Our research also investigated the structural features of organic thermoelectric materials, with crystal sizes ranging from nanometers to micrometers. The specific arrangement of these crystals has a considerable impact on the electrical conductivity. In semicrystalline conductive polymers, the electronic band structure can be tuned through macromolecular engineering and further refined via adequate structuring into highly ordered crystalline regions (Prunet et al., 2021). This refinement process, known as secondary doping, significantly enhances the electronic properties of polymers, highlighting the influence of structural control on the performance of organic thermoelectric materials.
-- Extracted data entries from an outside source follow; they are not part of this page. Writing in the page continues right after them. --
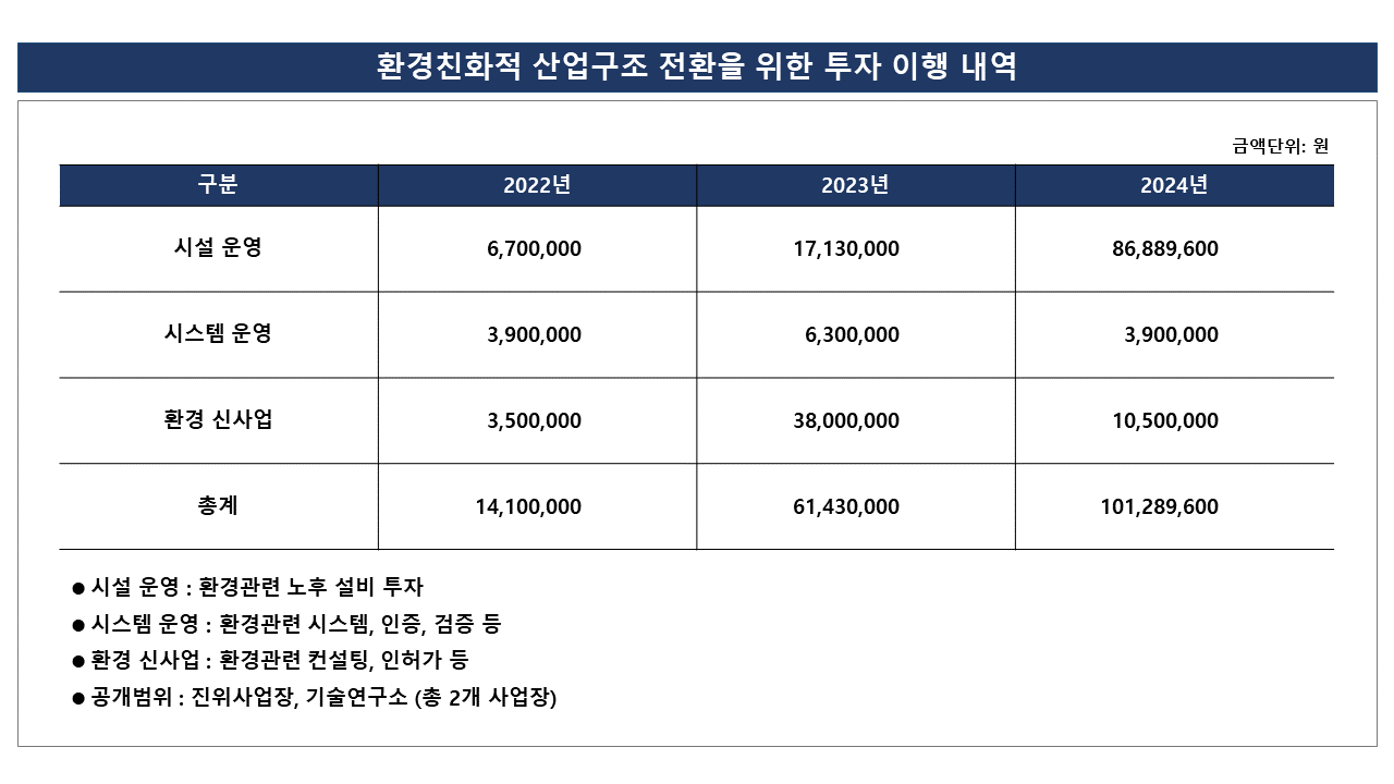 환경친화적 산업구조로 전환하기 위한 투자이행 내역
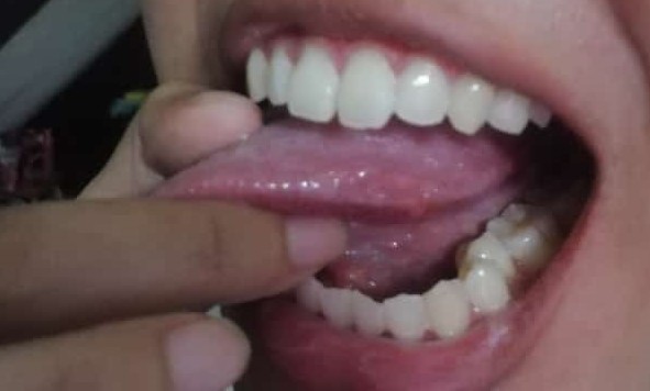 รู้สึกเจ็บ ๆ ตรงใต้ลิ้นมาสองวันแล้วค่ะ ตรงที่มันเป็นติ่งย้อย ๆ ไม่แน่ใจว่าเรียกว่าอะไร พอลองส่องกระจกดูแล้วเป็นแบบนี้ มันเหมือนกำลังจะหลุดออกจากกันเลยค่ะ พอลองแตะ ๆ ดูแล้วเจ็บมาก มันคืออะไรคะหรือมันจะ
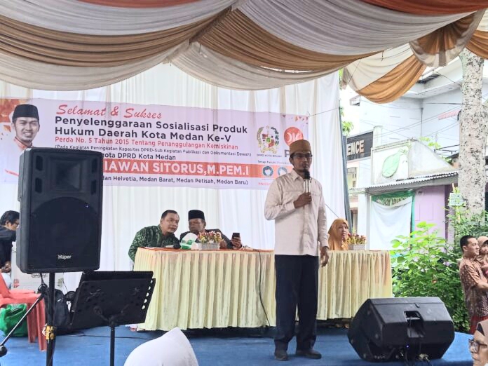 MEDAN, Potret Nusantara.id — Agenda Wakil Ketua Komisi DPRD Medan, Fraksi Partai Keadilan Sejahtare Dr.Rudiawan Sitorus, M.Pem.I mendorong Pemerintah Kota Medan untuk memberikan anggaran yang besar dalam upaya mensejahterakan masyarakat Kota Medan. Dorongan ini disampaikannya saat melaksanakan Sosialisasi Produk Hukum Daerah, Peraturan Daerah Nomor 5 Tahun 2015 tentang Penanggulangan Kemiskinan Kota Medan, yang dilaksanakan di Jalan Jangka, Kelurahan Sei Putih Barat, Kecamatan Medan Petisah, Senin (16/05/2022).
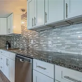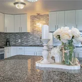 - Room Description: White cabinets, island seating w/ pendants, granite counters, tile back splash

Increased crystallinity facilitates smoother charge transport, thus improving electrical conductivity. The treatment of a conductive polymer film with solvents, whether in a liquid or vapor form, alters its morphology without affecting the doping level (Prunet et al., 2021; Kirchmeyer and Reuter, 2005). At a microscale, the bonding interactions between molecules and polymers may result in varied modes of electrical charge transport within each crystal. Techniques such as mechanical stretching and the use of specific solvents can optimize molecular alignment, which may enhance bonding and facilitate electrical charge transport. A notable molecular-level phenomenon is 'π–π stacking,’ wherein strong intermolecular bonds are formed. Stacking plays a crucial role in the introduction and movement of electrical charges between molecules, which is critical for the functionality of these materials (Zhang et al., 2010; Russ et al., 2016; Song and Cai, 2017; Lee et al., 2020).
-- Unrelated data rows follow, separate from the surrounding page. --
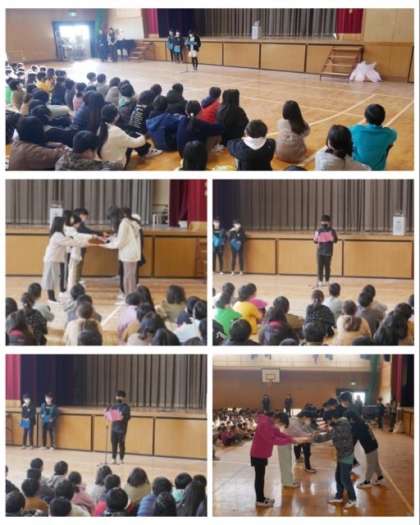 はじめに、在校生から卒業生一人一人へお祝いメッセージのプレゼントをし、卒業生から在校生へは、ぞうきんのプレゼントをそれぞれの学級に渡しました。
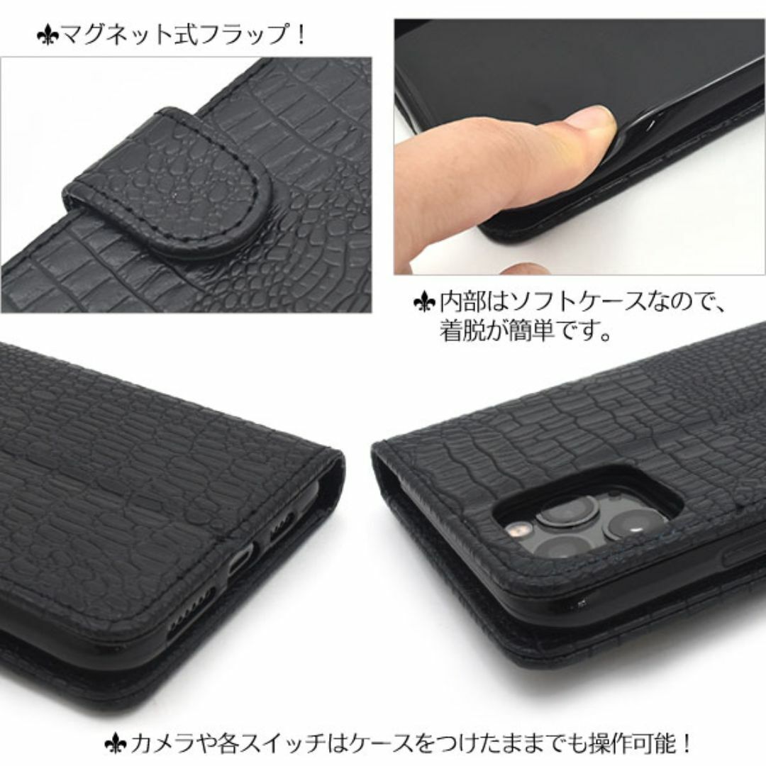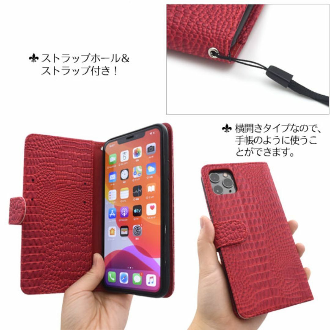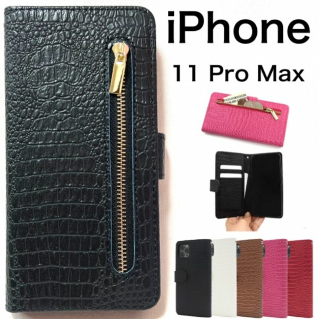 iPhone 11 Pro Max用クロコダイルレザーデザイン手帳型ケース
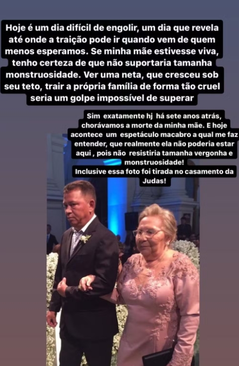 整整七年前,我們正在哀悼我母親的去世。而今天,一個可怕的場面正在上演,這讓我意識到,我母親真的不可能在這里,因?yàn)樗裏o法抗拒這樣的恥辱!這張照片甚至是在猶大的婚禮上拍攝的!
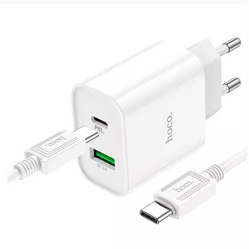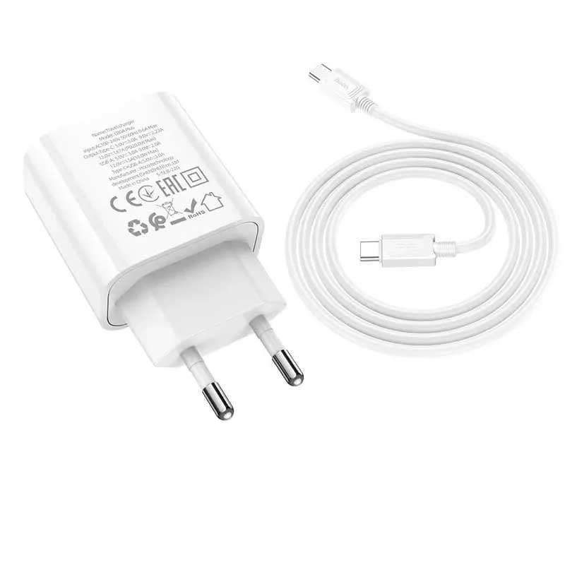 Купить Зарядное устройство Hoco C80A Plus PD20W + QC 3.0 + кабель Type-C White Hoco DM-00006945 по лучшей цене с доставкой - интернет магазин №1 в России

Table 2 lists the thermoelectric properties of different Te composites synthesized in various forms. Remarkably, the PF of the as-prepared Ag-Te NWs/PEDOT:PSS composite, recorded at 260 μW/mK2, surpasses that of previously reported systems (Meng et al., 2019). Note that the configurations detailed in Table 2 are based on randomly arranged composites. In contrast to the materials listed in the table, the present study focuses on aligned configurations, allowing the mor precise control of the properties of the synthesized materials. This result not only underscores the higher electrical conductivity of the as-prepared composite than that of other Te variants but also highlights the potential contribution of our synthesized materials toward further advances in thermoelectric technology.
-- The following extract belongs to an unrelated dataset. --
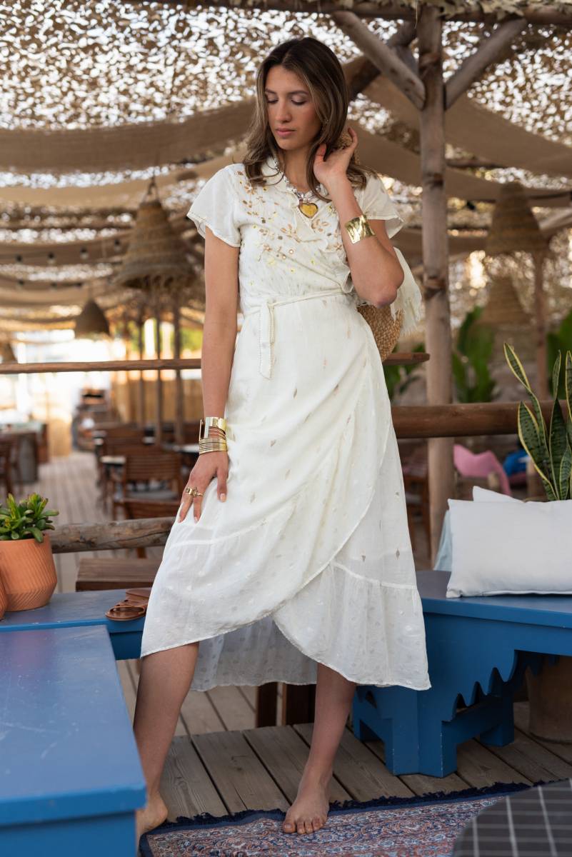 Magnifique cette robe longue cache cœur tendance bohème chic de Yaatra, édition 2025, idéale pour Paris Ile de France.

In this study, an organic–inorganic composite thermoelectric material, Ag-Te NWs/PEDOT:PSS, was synthesized using aligned NWs. Through the topotactic reaction, high electrical conductivity was imparted to the composite by doping high-electrical-conductivity Ag to Te NWs, and a composite with the desired ratio was formed through a relatively simple experiment. In addition, a thermoelectric material with high PF was fabricated by increasing the electrical conductivity, which was achieved through the application of a conductive polymer to an inorganic material with a high Seebeck coefficient. Ag-Te NWs/PEDOT:PSS was doped to synthesize a composite with high thermoelectric performance because of the existence of high-energy carriers formed by the energy filtering effect. The optimized Ag-Te NWs/PEDOT:PSS composite exhibited an electrical conductivity of 463 S/cm, a Seebeck coefficient of 69.5 μV/K, and a PF of 260 μW/mK² at 300 K. This PF value was higher than that of Te NWs/PEDOT:PSS (70.9 μW/mK²) by a factor of 3.6 (Yee et al., 2013); this increase was attributed to the synergistic effect of the two components. The fabrication of hybrid thermoelectric materials using aligned NWs presents a significant advancement in energy conversion technology. With enhanced conductivity and Seebeck coefficient, these materials hold promise for applications in waste heat recovery systems, portable electronics, and automotive exhaust systems, offering efficient conversion of heat to electricity. This research paves the way for more sustainable energy solutions by improving the performance of thermoelectric devices, contributing to the mitigation of climate change and the transition toward greener energy sources.